In March, I reported academic research showing that employers appeared unwilling to pay premium salaries for graduates who had been to Group of Eight universities.

Another report
released this week, 2008 Graduate Pathways Survey: Graduates’ education and employment outcomes five years after completion of a bachelor degree at an Australian university, gives some grounds for thinking that as graduates acquire work experience those from Group of Eight universities receive larger salary increases. The report is the first from the Graduate Pathways Survey, which in this case retrospectively asked people who completed their courses in 2002 about their progress since then.

It found that:

Go8 graduates tended to see the largest steady increase in salary over five years from $35,000 (2003 dollars) to $63,000 – an 80 per cent increase. ATN graduates salaries increased from $42,000 (2003 dollars) to $64,000 (60%). IRU [Innovative Research Universities, eg Murdoch, La Trobe, James Cook], regional and metropolitan university graduates’ salaries increased at slightly lower rates to reach $56,000 (up 56%), $61,000 (up 51%) and $60,000 (up 54%) respectively.

Australian Technology Network (ATN) universities are, however, still slightly ahead in absolute terms.

Unfortunately, there is no statistical analysis in this report to see whether there is a distinct Group of Eight effect, or whether (as is possible) this is a function of other labour market characteristics of the graduates. Presumably the age and discipline mix of graduates will affect the scope for rapid salary increases. And of course even a finding that controlling for these things there is a Group of Eight effect, it does not show that attending a Group of Eight university was a causal factor, given the higher prior average academic ability of these students.

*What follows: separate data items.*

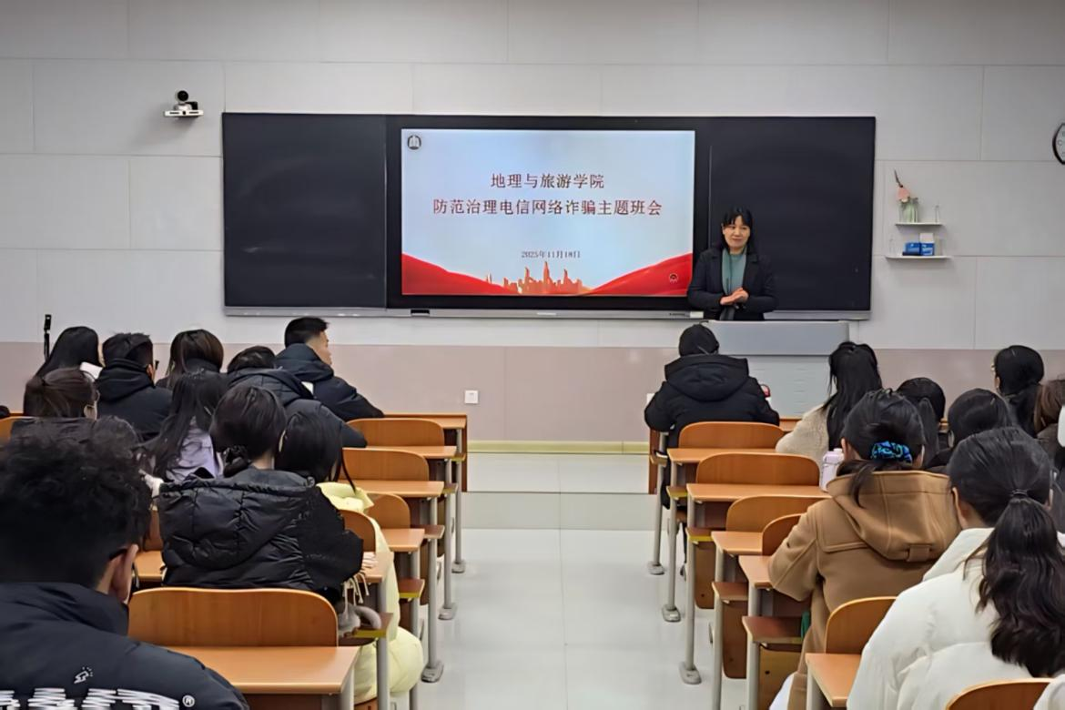 为切实增强研究生防范电信网络诈骗意识,筑牢校园安全防线,11月18日,地理与旅游学院于S205教室召开研究生防范治理电信网络诈骗主题班会。会议由辅导员赵岩主持,2025级全体研究生参加。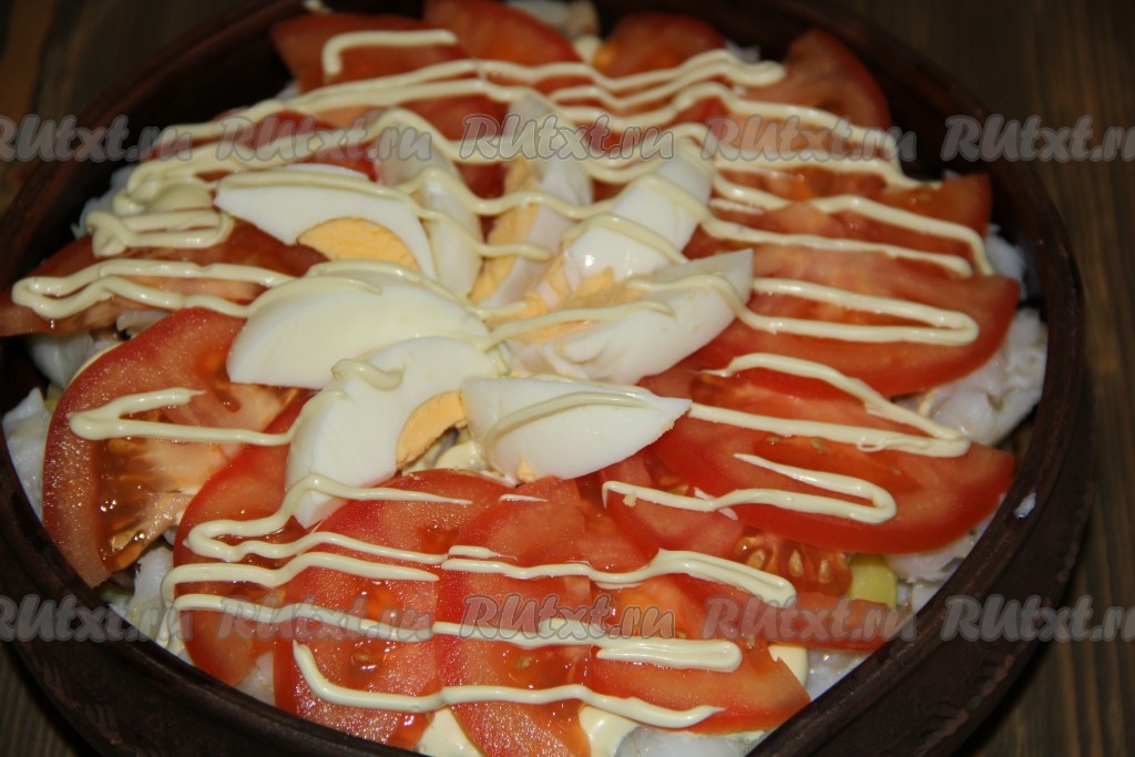 Поверх рыбы выложить кружочки (или ломтики) помидора. В середину выложить дольки яйца. Сделать сеточку из майонеза.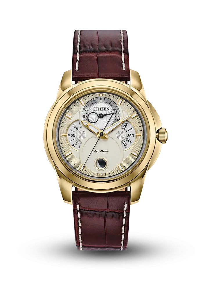 Klassik dizaynı müasir texnologiya ilə birləşdirən zərif modeldir. Qızılı rəngli korpus, krem tonlu siferblat və qəhvəyi dəri kəmər saata premium və eleqant görünüş verir. Model Eco-Drive texnologiyası ilə işləyir - işıq enerjisi ilə yüklənir və batareya dəyişiminə ehtiyac yoxdur. Çoxfunksiyalı siferblatda gün, tarix, ay və 24 saat göstəriciləri mövcuddur. Həm işgüzar üslub, həm də klassik geyim üçün ideal seçimdir.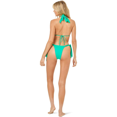 A must-have for your beach vacations and pool parties, the L*Space Brielle Top is fully lined for better coverage. This bikini top comes with thick straps with metal D-ring details that offer support. The adjustable tie closure at the back ensures easy on and off. This sleeveless bikini top features an elongated triangle cup design for a stylish appeal. Flaunt your great style and curves wearing this chic top.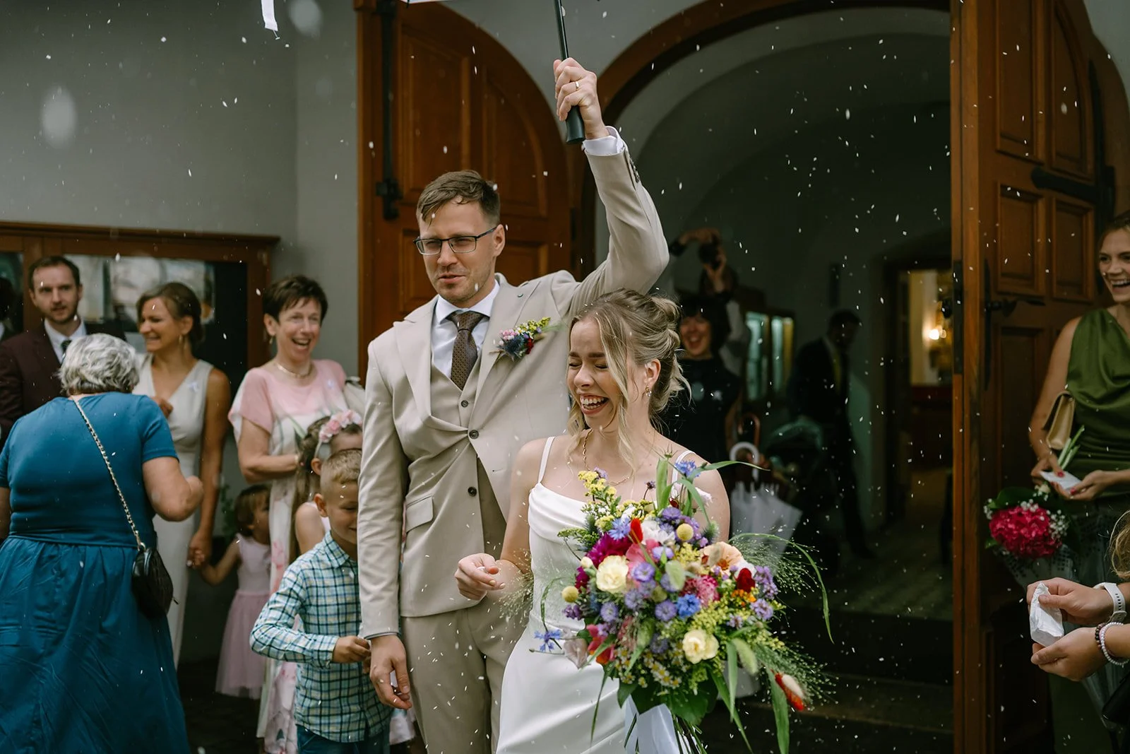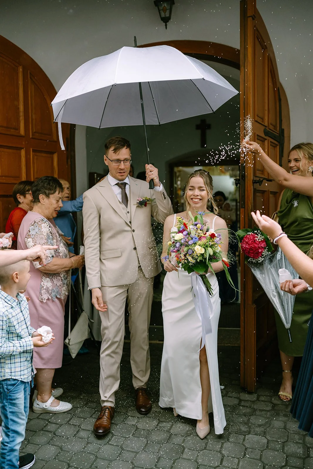 Další krásný pár a další upršená svatba roku 2025. Déšť se letos stal tak trochu součástí příběhu – a svatba Hartlových je dalším důkazem, že to vůbec není na škodu.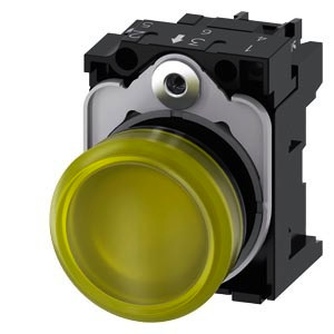 Leuchtmelder, 22 mm, rund, Kunststoff, gelb, Linse, glatt, mit Halter, LED-Modul mit integrierter LED AC 110 V, Schraubanschluss Leuchtmelder SIRIUS ACT zur Signalisierung von Schaltzuständen oder Störungen in Anlagen mit brillianter Leuchtkraft dank energieeffizienter LED-Technologie. Unter dem Markennamen SIRIUS ACT bietet Siemens ein einzigartiges Portfolio an Befehls- und Meldegeräten mit weltweiten Produkt-Zulassungen in drei modernen Designreihen aus robustem Echtmetall und hochwertigem Kunststoff. Das innovative Aufschnappkonzept vereinfacht die Montage so weit, dass dafür nur eine Hand und kein Spezialwerkzeug erforderlich ist. Als Montagebohrungen genügen nutfreie Löcher, da bereits ein 100%iger Verdrehschutz integriert ist. Dank der durchgängig hohen Schutzart sind die robusten Geräte industrietauglich und für den Außeneinsatz geeignet. Sogar die Reinigung mit Hochdruckstrahl ist möglich. Weder Staub, Öle noch aggressive Laugen können den zuverlässigen Betrieb stören. Neben der Standardverdrahtung können die meisten Geräte auch über PROFINET, AS-Interface oder IO-Link an die Steuerung angebunden werden. Damit reduzieren Sie Ihren Verdrahtungsaufwand, minimieren Fehlerquellen und gewinnen mehr Flexibilität. Komfortabel unterstützt der grafische Online-Konfigurator bei Auswahl und Bestellung von Einzelgeräten, Gehäusen und Beschriftungen. Umfangreiche Dokumentation (z.B. Handbuch, 3D-Daten, Anschlussdiagramm) ist verfügbar. Lieferbare Ausführungen: mehrere Farben, verschiedene Spannungsvarianten. Hinweis: Komplettgerät, Lieferung inklusive Halter und Module. SIRIUS ACT - Performance in Action beim Befehlen und Melden. Einfach montiert, einfach stark, einfach perfekt.

Why focus only on the lowest 25% of postcodes?

Yesterday my U of M boss, Glyn Davis, gave a speech on the difficulties in reaching the government’s target of 20% of all higher education enrolments being from a low socieonomic status background. The current definition of ‘low SES’ is living in the lowest 25% of postcodes according to the ABS index of education and occupation.

It is well established that socieconomic differences in school results are the major reason why low SES students are ‘under-represented’ at university. However, it was not until I recently analysed 2008 Victorian Year 12 results that I realised that lowest 25% seems like an inappropriately narrow target group. As the figure below shows, while students living in the lowest 10% of postcodes are clearly the weakest performers, those in the 2nd, 3rd, 4th, and 5th deciles have very similar (and not very good) school results). Very few receive ENTER scores in the 90s, and nearly half have ENTER scores below 50. While results trend upwards after the 5th decile, it is only a modest exaggeration to say that we really have the top 20% and the rest.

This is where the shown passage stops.